Studio album by Vox Dei
- Released: March 15, 1971
- Recorded: Mid 1970 to January 1971 T.N.T. Studios, Buenos Aires
- Genre: Progressive rock
- Length: 55:59 55:13 (CD re-issue)
- Label: Disc Jockey
- Producer: Jorge Álvarez

Vox Dei chronology
| Caliente (1970) | La Biblia (1971) | Jeremías Pies de Plomo (1972) |

= La Biblia =

La Biblia (/es/; Spanish for "The Bible") is the second studio album by the Argentine band Vox Dei, released as a double album on March 15, 1971, by Disc Jockey Records. Considered a milestone of nascent Argentine rock, as well as one of the first rock operas and concept albums of rock en español, La Biblia centers on the Bible's narrative, starting from Genesis and concluding with the Apocalypse.

==Background and details==
A preview of some compositions were debuted at the "B.A. Rock Festival" in November 1970, and the album was presented with four shows at Teatro Presidente Alvear (Buenos Aires), followed by a tour throughout the country's major cities.
The record was Vox Dei's breakthrough and it's widely considered their magnum opus. In 2007, the Argentine edition of Rolling Stone ranked it 14 on its list of "The 100 Greatest Albums of National Rock".

In 1974 Jorge Álvarez, who produced the original album, and musician Billy Bond decided to undertake a recording of the album as a proper rock opera. Utilizing the classical musicians of the Ensamble Musical de Buenos Aires, the album featured various important Argentinian rock musicians including Bond, members of the band Billy Bond y La Pesada del Rock and Roll, members of the band Pescado Rabioso, Raul Porchetto, and members of the band Sui Generis, all under the artistic direction of pianist and composer Gustavo Beytelmann. Produced by Jorge Álvarez, the album, La Biblia, was released in 1974 on the label Talent Cat# SE-515.

"La Biblia" is considered by Argentinian rock fans to be Vox Dei's indisputable masterpiece; it has been called "magnificent for both its music and lyrics". Guitarist and vocalist Ricardo Soulé did a terrific job summarizing in just a few lines the most important stories of the Christian Holy Book.
Musically the band adopted a hard psychedelic direction, with chiming 12-string guitar and overdriven solos alternating with folky acoustic passages and harmony vocals sometimes reminiscent of The Moody Blues.

The Archbishop of Buenos Aires, Antonio Caggiano, while at first requesting to review the lyrics, ended up recommending that young people purchase and listen to the album. During the recording sessions, guitarist Juan Carlos "Yody" Godoy left the band. To promote the album live, guitarist Nacho Smilari (formerly member of La Barra de Chocolate) joined the band.

The album was released earlier than expected, which caused two edition errors, "Apocalipsis" was recorded without vocals and "Libros Sapienciales" was credited as "Profecías" on the tracklist.
It was clarified and corrected in La Biblia En Vivo in 1987.

The songs that remained in the habitual Vox Dei set-list are "Genesis", "Libros Sapienciales" and "Las Guerras".

In 1997 a re-recording of the album took place including a bonus track: "El Manto de Elías". This version featured Quiroga, Basoalto and Soulé, plus special guests Fito Páez, Andrés Calamaro and Alejandro Lerner.

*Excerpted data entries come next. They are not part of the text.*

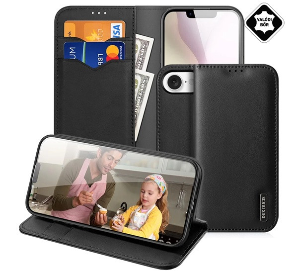 DUX DUCIS HIVO tok álló, valódi bőr (FLIP, oldalra nyíló, asztali tartó, kártyazseb, RFID) FEKETE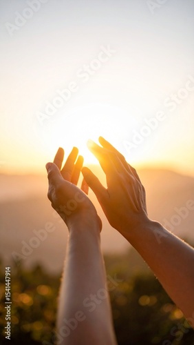 Hands Reaching for Sunrise Golden Light Wellness Concept.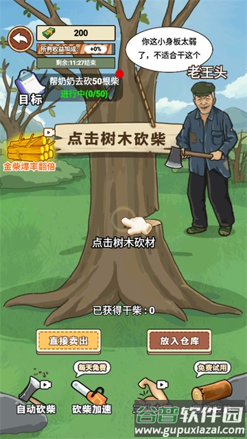 3、前往树林砍伐木材,为生火烹饪准备好燃料。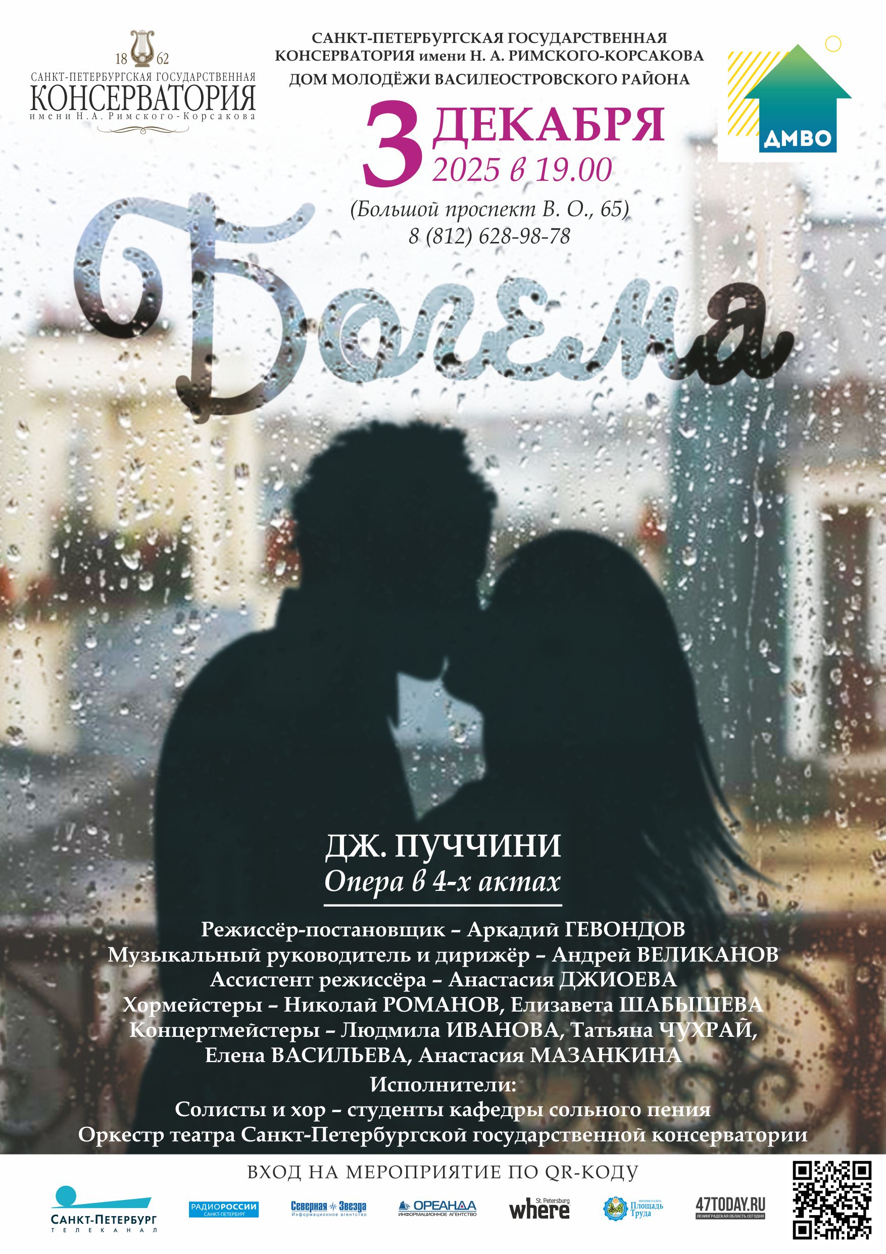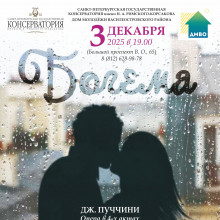 3 декабря 2025 года в 19:00 на сцене Дома молодежи Василеостровского района Санкт-Петербургская государственная консерватория имени Н.А. Римского-Корсакова представит оперу Джакомо Пуччини «Богема».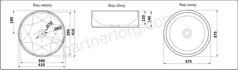 CeramaLux 9425 раковина настольная круглая без отверстия под смеситель, без перелива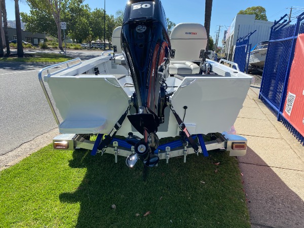 Package includes Deluxe Side Console, Mercury 50hp EFI 4 Stroke, Telwater Alloy I-Beam Braked Trailer, Finished in Blue and fitted with Rear Transom Step, Nav Lights, Bilge Pump, Battery Isolation Switch.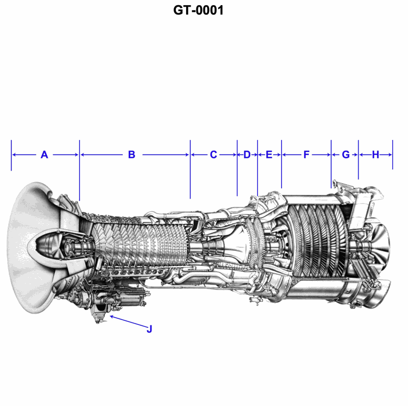 On the gas turbine shown in the illustration, which of the following best describes the main principle of operation of the component contained within the area labeled "C"? Illustration GT-0001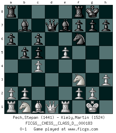 Last move : 0-1 2012 November 19 10:53:26 [Event "FICGS__CHESS__CLASS_D__000183"] [Site "FICGS"] [Date "2012.05.14"] [Round "1"] [White "Pech,Stepan"] [Black "Kiely,Martin"] [Result "0-1"] [WhiteElo "1441"] [BlackElo "1524"] 1.e4 e5 2.Nf3 Nc6 3.Bb5 a6 4.Ba4 Nf6 5.O-O Be7 6.Re1 O-O 7.Bxc6 dxc6 8.Nxe5 Qd4 9.Nf3 Qd7 10.d4 b5 11.h3 Bb7 12.c4 c5 13.d5 c6 14.d6 Bxd6 15.e5 Be7 0-1 This chess game has been lost on time (started : 2012.05.14 23:47:0) Ruy Lopez : Closed defense Kingside Castling by player White (move 5) Kingside Castling by player Black (move 6) Player Black won this chess game. Follow this game move after move (download)Chess books should be used as we use glasses: to assist the sight, although some players make use of them as if they thought they conferred sight. (Jose Raul Capablanca) Wie bekannt hörte Morphy 1859 auf, Schach zu spielen. Seine Enttäuschung galt nicht so sehr dem Schach, wie den Schachspielern. (Robert James Fischer) El Ajedrez no es como la vida... ¡tiene reglas!. (Mark Pasternak) Les échecs sont plus proches de l'art de l'assassinat que de l'art de la guerre. (Arturo Perez-Reverte) Whoever said the pen is mightier than the sword obviously never encountered automatic weapons. (US General Douglas MacArthur)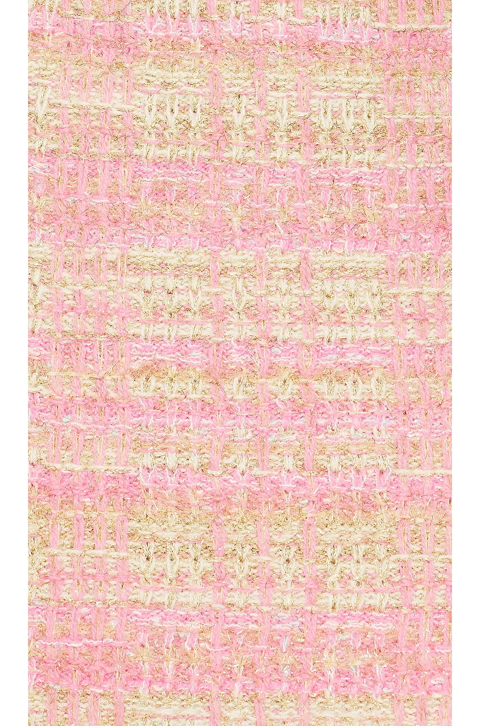 - Tweed fabric with metallic threading throughout and fringe detail at hem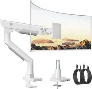 monTEK Sleek Aluminum Monitor Arm for 1757 Ultrawide Screens up to 59.4 lbs, USB 3.0 A/C, Heavy Duty Single Monitor Arm Desk Mount, Pneumatic Lift, Quick-Release Plate, Clamp/Grommet, VESA 100x100
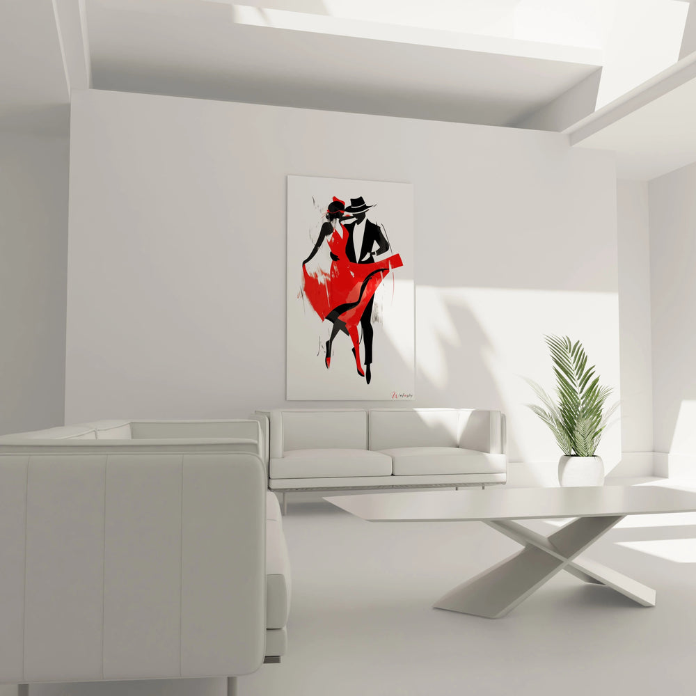 Plus qu’un simple objet décoratif, ce tableau est une célébration de l’instant intense où deux âmes s’unissent en un pas commun. Il incarne la beauté fugace et la force du mouvement, offrant à votre intérieur une élégance mystérieuse et captivante. Cette œuvre unique révèle la puissance d’une expression artistique où le rouge, symbole de passion, dialogue avec la profondeur du noir pour créer un tableau qui ne laisse jamais indifférent.
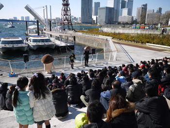 自身が歌って踊る「なめこのうた」で、<NA NA NA な な なめこ♪>のリズムに乗せ両腕を上下にフリフリ踊る遥ちゃんのそのダンスは愛らしく、詰めかけたファンは全員大盛り上がり。小さな子供たちもたくさんステージに出て、遥ちゃんとのダンスを一緒に楽しんだ。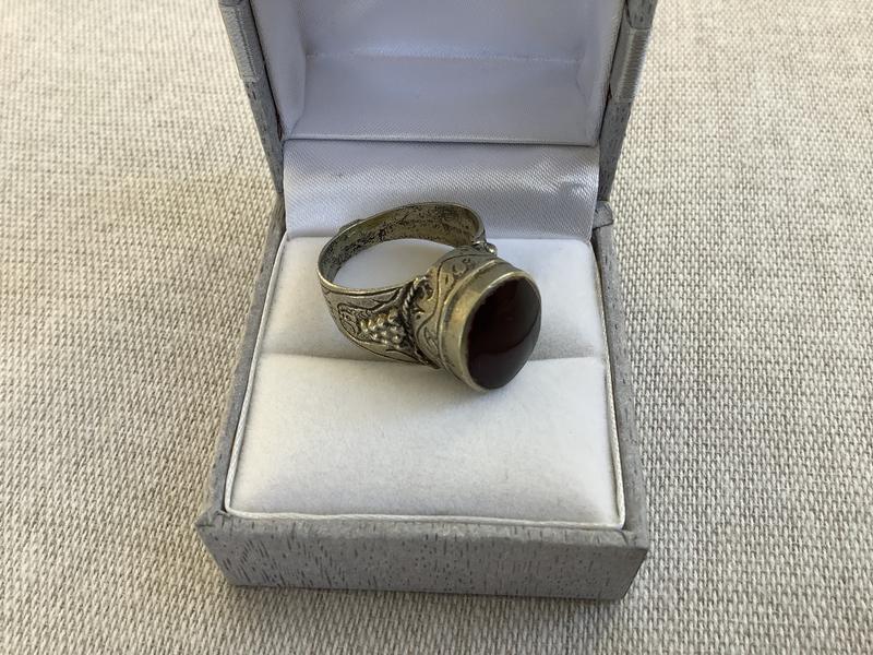 Каблочка винтажная, натуральный камень, металл. Размер 18. Цвет камня шоколадный с бордовым оттенком.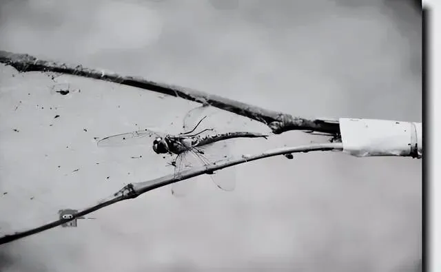 捉蜻蜓的工具也是自制的 , 竹竿子绑个三角形 , 缠上蜘蛛网 , 往蜻蜓身上一罩 , 百发百中!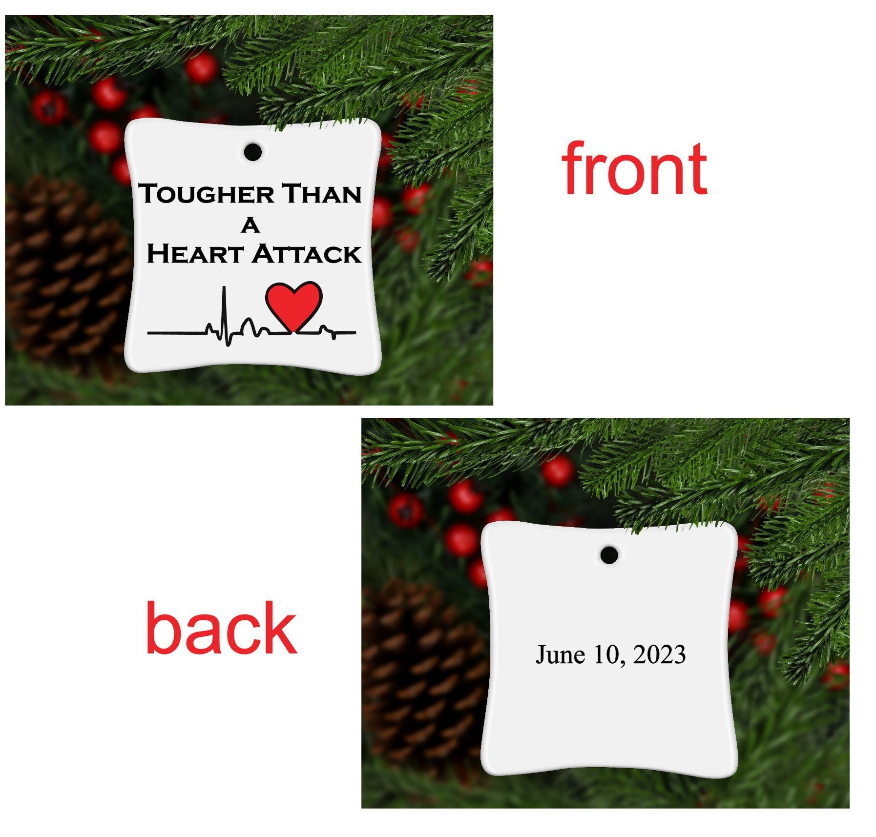 Tougher Than a Heart Attack” Ornament ❤️💓

== Original release on vinyl (2 LP) ==
- All lyrics by Ricardo Soulé, music by Willy Quiroga, Juan Carlos "Yody" Godoy and Ricardo Soulé.

- Side one
1. "Génesis" - 6:38
2. "Moisés" - 7:26
- Side two
3. - "Las Guerras" [The Wars] - 13:10
4. "Profecías" [Prophecies] - 2:17
- Side three
5. - "Libros Sapienciales" [Sapiential books] - 7:34
6. "Cristo - Nacimiento" [Christ - Birth] - 3:14
- Side four
7. - "Cristo - Muerte y Resurrección" [Christ - Death and Resurrection] - 10:34
8. "Apocalípsis" [Apocalypse / Revelations] - 4:47

==Credits==
- Vox Dei
- Ricardo Soulé - Lead guitar, Harp, Violin, Piano and Vocals.
- Willy Quiroga - Bass guitar and Vocals.
- Juan Carlos "Yody" Godoy - Rhythm guitar and Vocals.
- Rubén Basoalto - Drums.

- Guest
- Roberto Lar - Orchestra director.

===Additional Personnel===
- Jorge Álvarez - Producer.
- Tim Croatto, Osvaldo Casajus, Salvador Barresi, Julio Costa - Engineers.
- Disc-Jockey - Executive producer.

==Certifications==

| Region | Certification | Certified units/sales |
| Argentina (CAPIF) | Gold | 30,000^{^} |
^{^} Shipments figures based on certification alone.